Hello,
On 18 Jan 2022, at 21:10, Peter Müller peter.mueller@ipfire.org wrote:
Hello nusenu, hello Michael,
Since you apparently don't like this data source and I always thought RIPEstat has pretty good data quality: Would you mind sharing your opinion on this?
sorry for not replying on this sooner. Actually, I do not like or dislike RIPEstat; I just did not have sufficient time to made myself an educated opinion on this.
At the moment, things are quite packed on my end, but that will hopefully over at the beginning of February. So, this is not forgotten or silently discarded, but just a very tardy reply due to my "load average"...
@Peter: Do you want to look into extracting information from this?
Yes.
Without looking at the amount of queries we'd probably need to do: Do you think this makes sense while running the location-importer, or should this become a dedicated script, which we can run in the background all the time, so it won't slow down the daily generation of the actual database.

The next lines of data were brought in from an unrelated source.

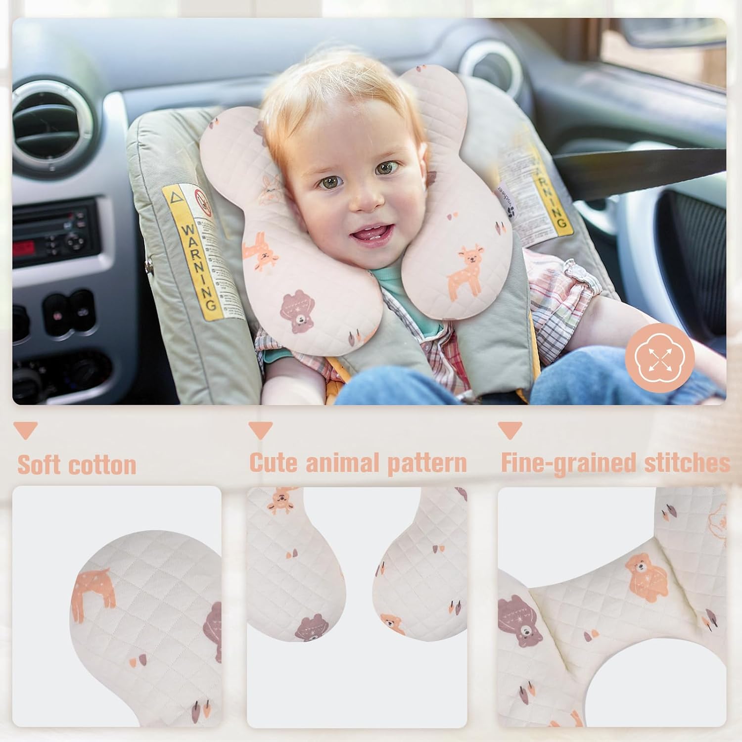 - Breathable and Safe: Baby neck pillows for car seat is made of soft cotton, very breathable and sweat-absorbent, baby head support for car seat will not be stuffy and can be used in summer, which is soft and gentle to baby's skin, baby will not be allergic, very suitable for baby's skin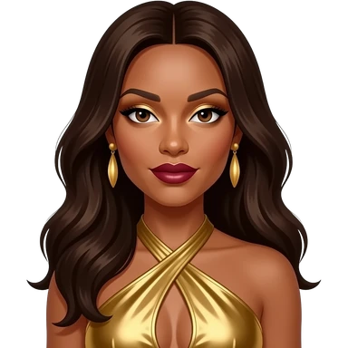 Tenitra Michelle Williams from Destiny's Child with dark brown eyes, long black hair, gold eyeshadow, dark red lipstick, gold metallic halter dress, gold earrings emoji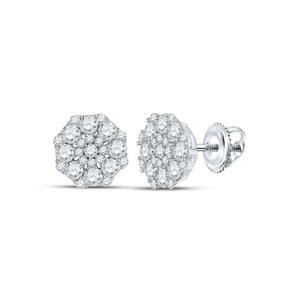 14kt White Gold Womens Round Diamond Octagon Cluster Earrings 1-1/4 Cttw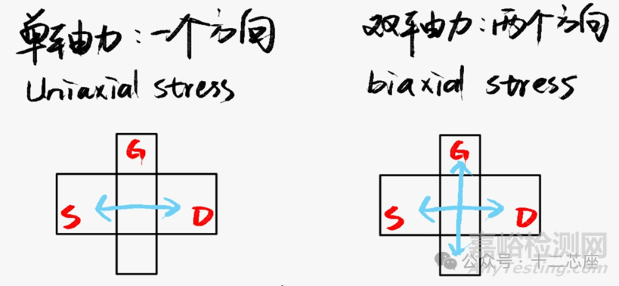 Fig2. Uniaxial stress: 1-direction(left); biaxial stress: 2-directions(right)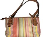 - Vintage Fossil Y2K Striped Pastel Fabric Satchel Purse Double Leather Handle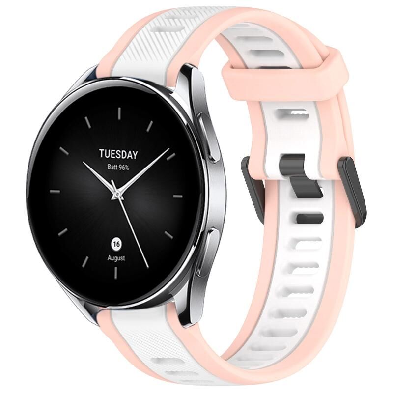 Για Xiaomi Watch S2 22mm Δύο χρώμα υφή σιλικόνης ρολόι μπάντα ρολογιών (λευκό + ροζ)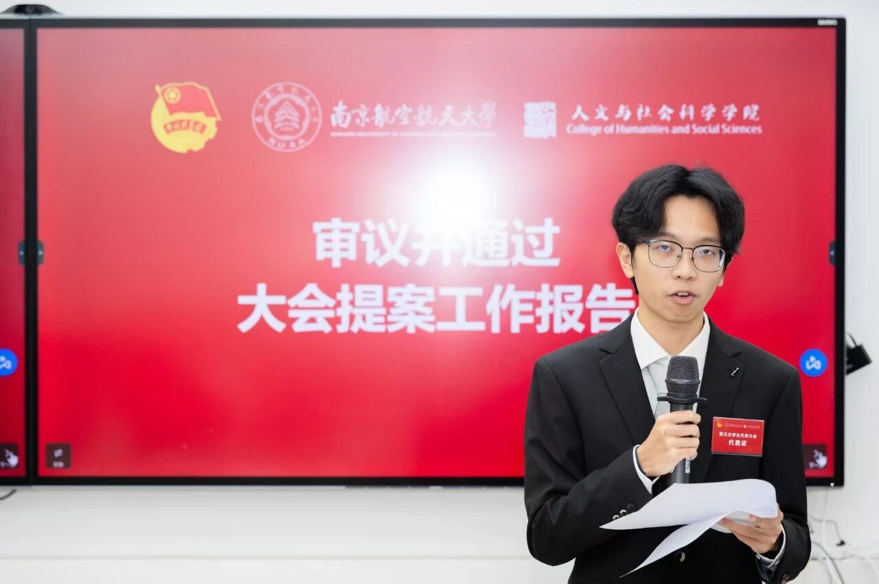 王安邦、战榆晴代表本次学生会、研究生会筹办委员会作大会提案工作报告。提案涉及公共服务、教学管理、校园文化、权益维护等八个方面,共计28项,既聚焦日常学习生活中的具体事项,也关注学科发展与校园建设的长远需求,充分体现了同学们积极参与学校民主管理的主人翁意识。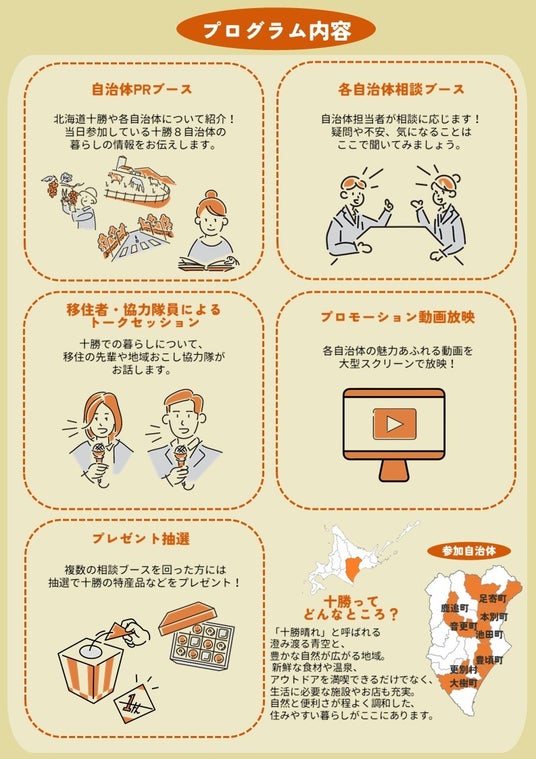 各自治体担当者や協力隊をはじめとする移住経験者が、十勝での暮らしや協力隊の活動について紹介するとともに、参加者の疑問や不安に直接お答えします。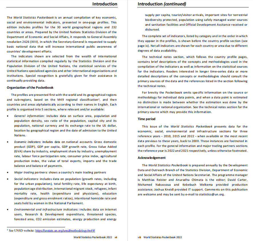 The World Statistics Pocketbook, 2022 edition is the forty-sixth in a series of annual compilations of key statistical indicators prepared by the United Nations Statistics Division of the Department of Economic and Social Affairs. Over 50 indicators have been collected from more than 20 international statistical sources and are presented in one-page profiles for 30 world geographical regions and 232 countries or areas. The Pocketbook is organized into 5 sections; general information, economic indicators, major trading partners, social indicators, and environmental and infrastructure indicators. This issue presents data for the economic, social, environmental and infrastructure sections for three reference years - 2010, 2015 and 2022 - when available or the most recent data previous to these years, back to 2005, when it is not. For the general information and major trading partners sections the reference year is 2022 and 2021 respectively, unless otherwise footnoted. The indicators in the profiles cover the following topics: communication, crime, development assistance, education, energy, environment, finance, gender, health, international tourism, international trade, labor market, national accounts, population and migration, price and production indices and science and technology.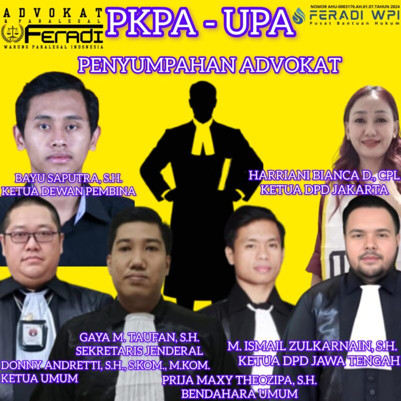 Melalui Perwakilan DPD FERADI WPI JAKARTA DAN DPD FERADI WPI JAWA TENGAH, PKPA & UPA untuk mencetak Advokat yang Profesional dan Berkualitas 2 ( dua ) Universitas tersebut telah melakukan MOU dengan FERADI WPI untuk menyelenggarakan PENDIDIKAN KHUSUS PROFESI ADVOKAT yang Berkualitas dengan pengajar terbaik di bidang hukum. Setelah menempuh PKPA peserta akan mengikuti UJIAN PROFESI ADVOKAT ( UPA ) lalu setelah itu mengikuti Magang Advokat dimana akan di fasilitasi oleh FIRMA HUKUM SUBUR JAYA DAN REKAN yang cabangnya tersebar hampir di seluruh Indonesia, Firma Hukum Subur jaya terdaftar di Kemenkumah R.I. berbadan hukum Firma dengan Nomor AHU-0001173-AH.01.18 Tahun 2024. Yang akan menjadi wadah bagi Para Calon Advokat yang FERADI WPI yang telah mengikuti PKPA DAN Lulus UPA untuk Magang, sehingga Para Calon Advokat FERADI WPI tidak kesulitan mencari tempat magang.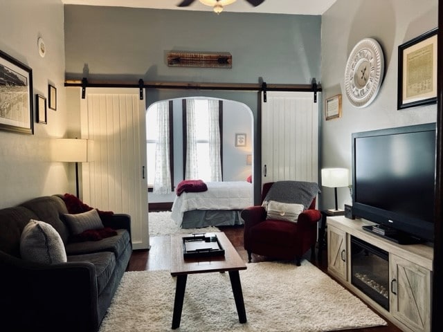 This loft is situated above a small town bustling coffee shop, also overlooking the park in the town square. The space is the perfect combination of old historic charm with a modern urban flair with plenty of natural sunlight streaming through the front windows. The kitchen flows seamlessly into the living room where there are multiple seating options. The bedroom and living room have smart TVs if you want to use your own streaming site. The spa inspired bathroom has numerous amenities included.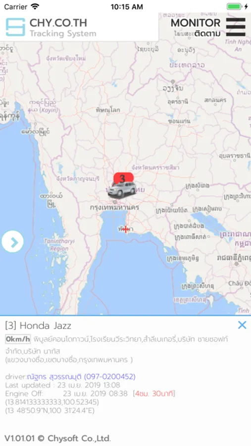 Display location of vehicle realtime.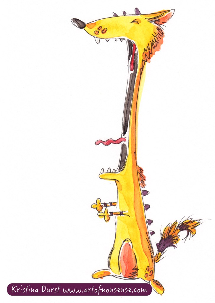 Well so, the old cheap watercolours seem to be working better (more smooth and vibrant) than my new expensive investment, and I’m not feeling particularly thrilled about that. In any case, practise practise practise is my motto these days. Getting used to using different mediums in new ways can be challenging and tricky— and apparently fun lol— so I’m trying to embrace that and see what happens while stifling my perfectionism en-route (especially tricky). Anyway, I’ll show you Yarnie’s book page when it’s complete, but for now here’s a teaser… I hope you enjoy yawning with Yarnie today!

In case of the latter, we could actually do some scraping on the ARIN AS names, too. Since we keep track of their source, this should not be too hard, and if we get some more human-readable names for some of them, it might be worth the effort.
I thought we were talking about parsing an HTML table. That should not be a process that is either complicated nor something I would call scraping.
Scraping is what I would consider sending one request per piece of information you would want to obtain and this is always a bad idea. It is slow, it has a lot of overhead on our side and of course on the server side - this is not what a good citizen of the internet would do. So I would be against this. Most places have this excluded in their t&cs for exactly this reason.
-Michael
Thanks, and best regards, Peter Müller